We could generate our sitemap at build time by traversing the app directory and write it afterwards to the public directory:

scripts/sitemap.mjs
Copy

import { writeFile } from "fs/promises";
import { globby } from "globby";
const PAGE = "https://sdorra.dev";
const createPath = (p) => {
const path = "/" + p.replace("page.tsx", "");
if (path.endsWith("/") && path.length > 1) {
return path.substring(0, path.length - 1);
}
return path;
};
const collectPaths = async () => {
const paths = await globby("./**/page.tsx", {
cwd: "app",
});
return paths.map(createPath);
};
const createSitemap = async (routes) => {
return `
<?xml version="1.0" encoding="UTF-8"?>
<urlset xmlns="http://www.sitemaps.org/schemas/sitemap/0.9">
${routes
.map((route) => {
return `
<url>
<loc>${`${PAGE}${route}`}</loc>
</url>
`;
})
.join("")}
</urlset>
`;
};
(async () => {
const paths = await createPaths();
const sitemap = await createSitemap(paths);
await writeFile("./public/sitemap.xml", sitemap, { encoding: "utf-8" });
})();

The snippet above uses globby to find each page.tsx in the app directory (collectPaths). After the file paths are collected, each path is transformed to the url path (createPath). The last step is to create the sitemap (createSitemap) and write to the public directory.
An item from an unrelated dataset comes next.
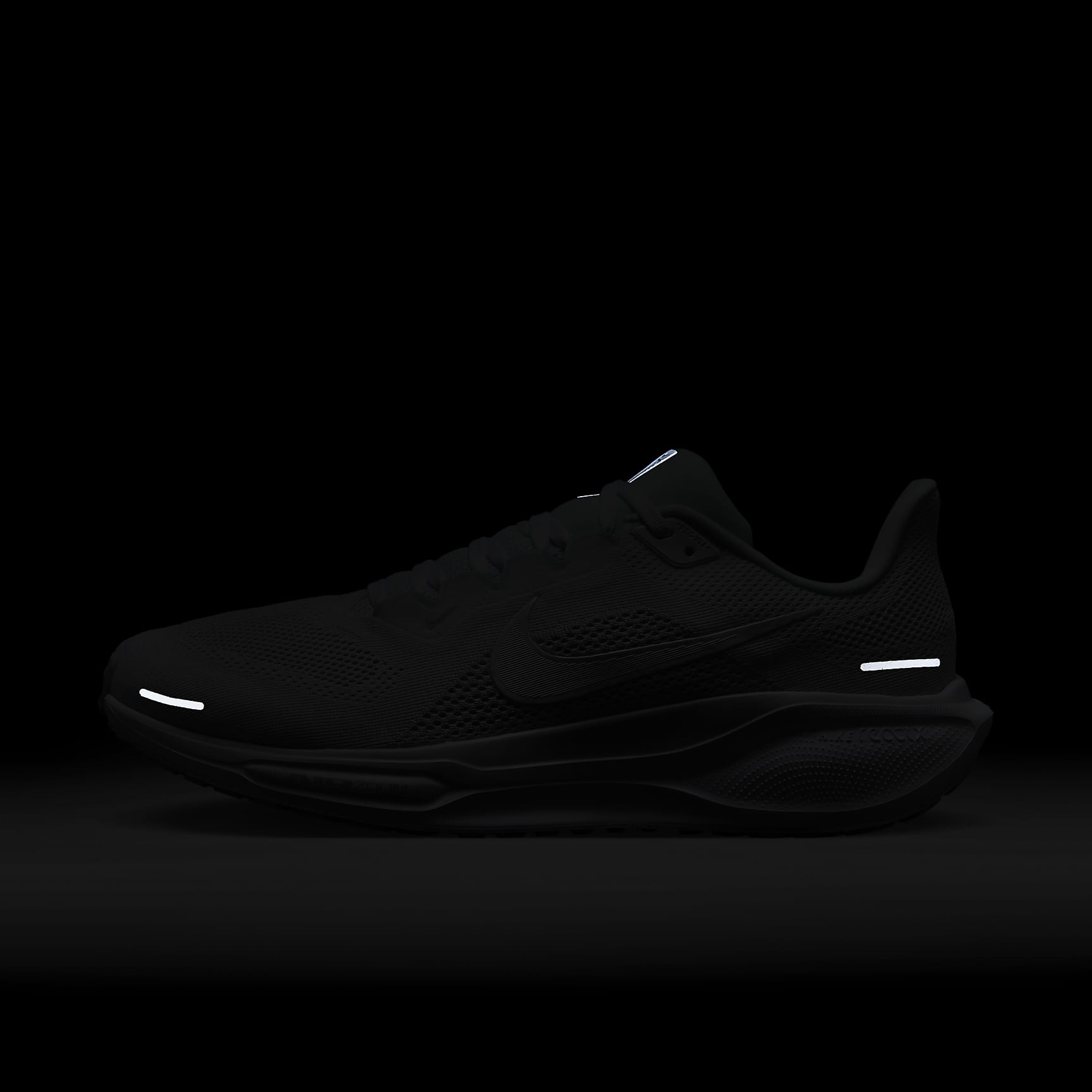 Springy foam plus snappy Air Zoom units equals our most energized ride. Responsive cushioning in the Pegasus provides an energized ride for everyday road running. Experience lighter-weight energy return with dual Air Zoom units and a ReactX foam midsole. Plus, improved engineered mesh on the upper decreases weight and increases breathability. Responsive Ride ReactX foam midsole surrounds forefoot and heel Air Zoom units for an energized ride. It's 13% more responsive than previous React technology. Waffle-Inspired Traction Signature waffle-inspired rubber outsole provides traction and flexibility. Plush Padding Plush collar, tongue and sockliner provide a secure and comfortable fit. What's New? * ReactX foam midsole * Lighter, more breathable engineered mesh upper Product Details * Weight: Approx. 297g/10.5oz (Men's US 10) * Heel-to-toe drop: 10mm * MR-10 Last - Our best, most consistent fit (same as Pegasus 40) * Reflective details * Not intended for use as Personal Protective Equipment (PPE)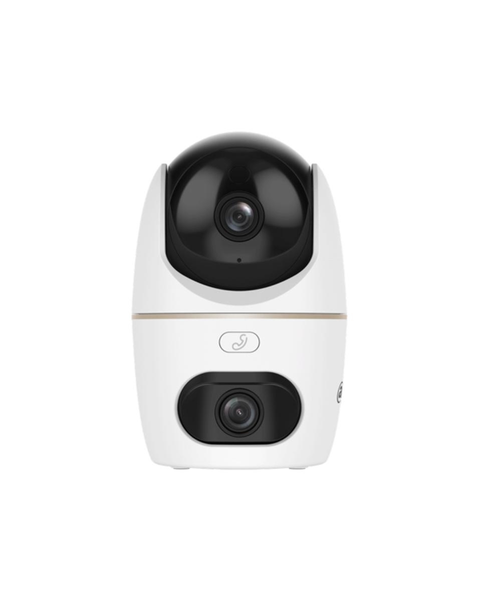 Telecamera PT IP/Wi-Fi con doppia ottica e Smart Dual Light (PT) da interno, sensori CMOS progressivi, risoluzione 2x5MP a 25fps, H.265, rotazione PAN 349° / TILT -5°~90°, ICR, ottiche fisse 3.6 mm F2.0, portata IR/white light 30 m, 1 porta di rete 10/100 Mbps, connessione Wi-Fi 6 2.4/5 G, Bluetooth pairing, microfono e speaker integrati (comunicazione bidirezionale), motion detection, AI human detection, pet detection, privacy mode, allarme luminoso e sonoro, tasto chiamata, slot micro SD card (fino a 256 GB), alimentazione 5 Vdc <5.4 W, alimentatore incluso, case in plastica

This works well, until we introduce dynamic routes to our app.

Dynamic routes

A dynamic route can be identified by the square brackets around a variable e.g.: app/posts/[slug]/page.tsx. To handle those routes in the sitemap generator could become very tricky.

I will use a simple example how it could be implemented if the site uses contentlayer:

scripts/sitemap.mjs
Copy

import { writeFile } from "fs/promises";
import { globby } from "globby";
import { allPosts } from "../.contentlayer/generated/index.mjs";
const PAGE = "https://sdorra.dev";
const expandPath = (p) => {
if (p === "/posts/[slug]") {
return allPosts.map((p) => `/posts/${p._raw.flattenedPath}`);
}
return [p];
};
const createPath = (p) => {
const path = "/" + p.replace("page.tsx", "");
if (path.endsWith("/") && path.length > 1) {
return path.substring(0, path.length - 1);
}
return path;
};
const collectPaths = async () => {
const paths = await globby("./**/page.tsx", {
cwd: "app",
});
return paths.map(createPath).flatMap(expandPath);
};
// rest of scripts/sitemap.mjs

The first interesting line in this snippet is the import of the posts generated by contentlayer (allPosts). I had to specify the whole path including extension, otherwise typescript threw errors at me. In the expandPath function we will check the path and if it is our dynamic route, we will replace it with the slugs of all posts. This function is finally used by the collectPath function to create our flat array of paths.

warning

This method covers only the basics. If you are use something like grouped routes or the old pages directory is used in addition to the app directory, you have to go a few extra miles.

Build

Now it is time to add our generator to the build:

package.json
Copy

{
"scripts": {
"build": "next build && node scripts/sitemap.mjs"
}
}

Whenever our page is build using the build script, our sitemap is build afterwards. The order is important, because contentlayer have to run first in order to generate our content types.

robots.txt

We could specify the url to our sitemap in the robots.txt, this makes it easier for search engines to find our sitemap. If we use the default path /sitemap.xml most of the search engines should find it without the entry in the robots.txt. However the entry could look like the following:

public/robots.txt
Copy

User-Agent: *
Allow: /
Sitemap: https://sdorra.dev/sitemap.xml

Git

Since our sitemap is generated, we should not include it in our repository. So we should ignore it:

.gitignore
Copy

/node_modules
/.next/
.contentlayer
public/sitemap.xml

If we would not do that, we would see changes to the sitemap.xml every time we change the structure of the page.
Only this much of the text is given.